Could the 2014 FIFA World Cup opening in Brazil this week affect the global Forex market? It might seem a crazy idea on a par with traders using moon cycles to try to forecast market movements, but don’t dismiss the idea out of hand. A recent study by Goldman Sachs has concluded that the stock index of the winning country has on average outperformed global equity indices by 3.5% during the first month after the final, before underperforming the same measure by 4% over the following year! These are statistically significant numbers that should not be ignored. The concept is logical: a short-lived phase of football-related euphoria followed by a comedown. If such an effect has been observed in equity markets, there should also be an impact for Forex trading in the Forex market.

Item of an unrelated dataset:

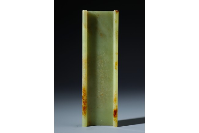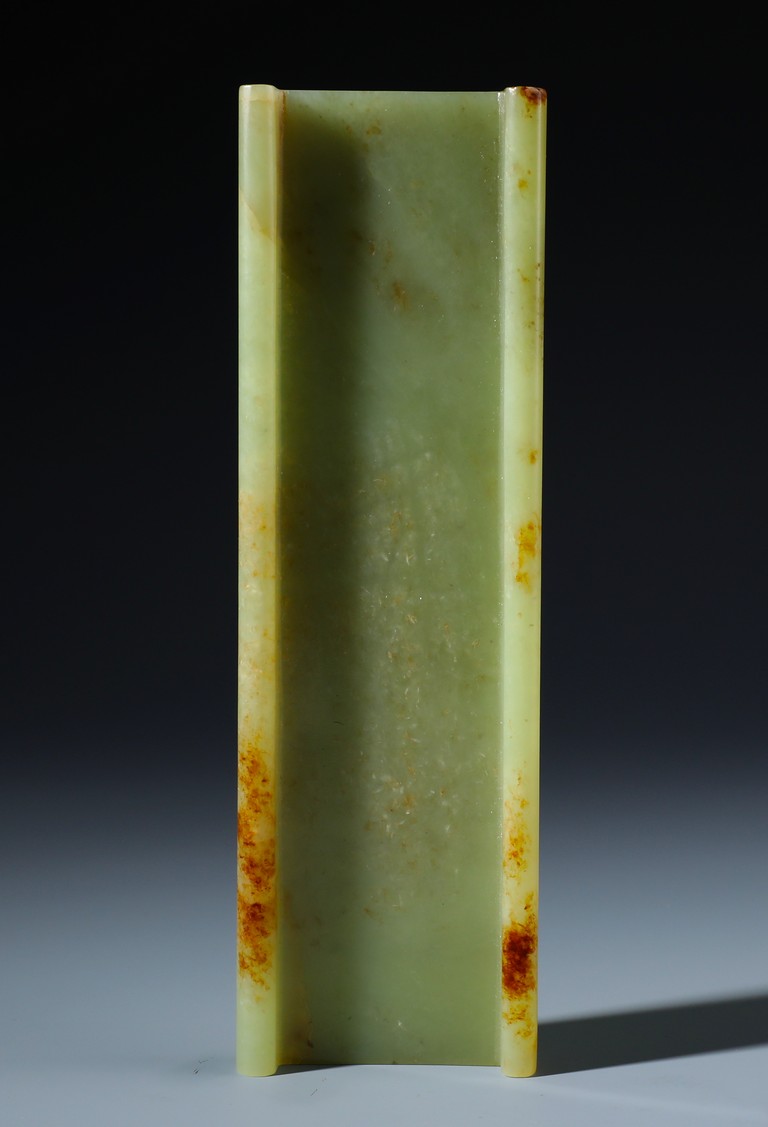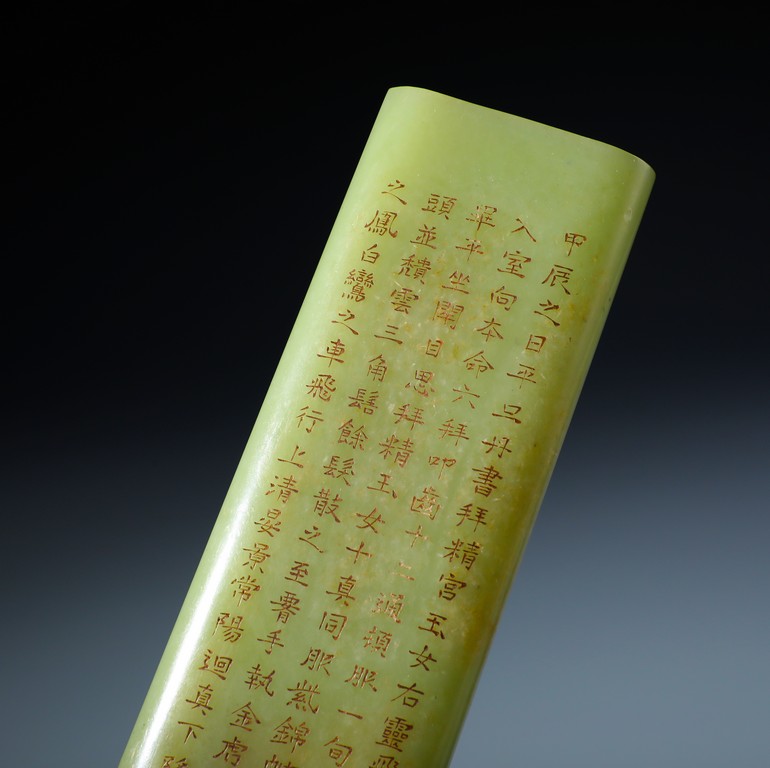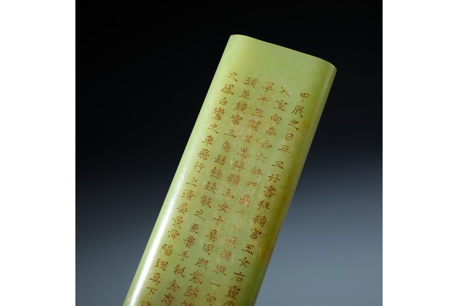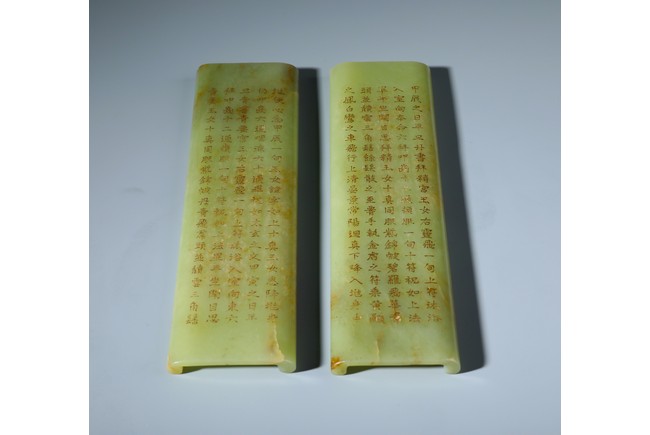 臂擱是寫字時⽤來墊臂肘的⽂房⽤具,⼜稱腕枕、秘閣,俗稱⼿枕。同時臂擱由於也成⻓條⽅狀,與鎮尺相類,也可充當鎮紙,壓在上⾯,防⽌紙⾯被⻛掀起。此臂擱以⻩⽟雕琢,⾊澤均勻濃郁,質地細膩,打磨光滑,瑩亮⽔潤。臂擱上陰刻詩⽂,字體⼯整,⼀絲不茍,排列整⻬。成對保存,實屬不易。

If you “get” football (as an Englishman, I would rather die than call it soccer), you probably won’t find this unreasonable. If you don’t, consider the well-known weekend effect that has been observed to warp stock market prices between Friday and Monday. Even today, these human factors can still affect market prices, at least over the short-term. I do not need any persuading, as I lived through two occasions where the English team failed narrowly to reach the finals of major football tournaments, once in the World Cup of 1990 and then again in the European Championship of 1996, going out to arch-rivals Germany on penalties both times. The sense of building euphoria as the team progressed further was palpable and had a visible effect in offices as well as in bars: people were happy, agreeable, and less skeptical than usual. Conversely, when the knockout blows came, a mood of depression and lethargy prevailed for several days. Of course, as the sport is more popular among men, the effect was more pronounced among the male half of the population: consider that despite the advances toward gender equality made over recent years, the financial services industry is still very male-dominated almost everywhere.
The Effect of the 2014 World Cup on Forex Trading
So, how might you profit in Forex trading from the results of the 2014 World Cup? My experiences as a trader and as a football fan lead me to suggest the following plan of action. Before the Round of 16 games, pay attention only to results of individual matches where there is a major upset which significantly changes the prospect of at least one team’s likely progression to the next round. Then during the knockout stages, pay more and more attention to each game with each progressive round. Teams that get a boost are places where you can look for longs when their national market opens after the match, shorting teams which are being eliminated. Each round will become more and more significant, giving better and better trading prospects. Of course, the best potential trade is likely to be long the winner of the final and short the loser.
To be sure, there are a couple of flies in the ointment when it comes to Forex and the 2014 World Cup. Firstly, the fact that nine of the teams, among them many of the best teams, all have the same currency (the Euro) might mean there is no practical trade you can take as a reaction to the performances by these teams. Either a match will be played between two Euro teams, or if a Euro team wins or loses against a non-Euro team, you cannot really assume the Euro will be impacted: it is bigger than one member nation, even a large one. The second problem is that your broker may not offer a trade in the exotic currencies of some of the non-European teams that are likely to do well, such as the Brazilian Real or the Argentinian Peso.
The best outcome to hope for in Forex terms would be an unexpected and dramatic victory by any of Australia, England, Japan, Korea and Mexico. They each have their own individual currencies, all of which (except for the Korean Won) are readily available at most Forex brokers, although the Mexican Peso carries a relatively high spread. The remaining currencies all have quite low spreads. The best bet of all would be a dramatic victory by England, which not only dominates the volatile GBP but is a truly football-crazy country. The GBP tends to start moving at around 7am London time so if England produce a shock, be ready to buy the GBP the next morning. But as an Englishman, conveniently, I’ll be hoping for that anyway!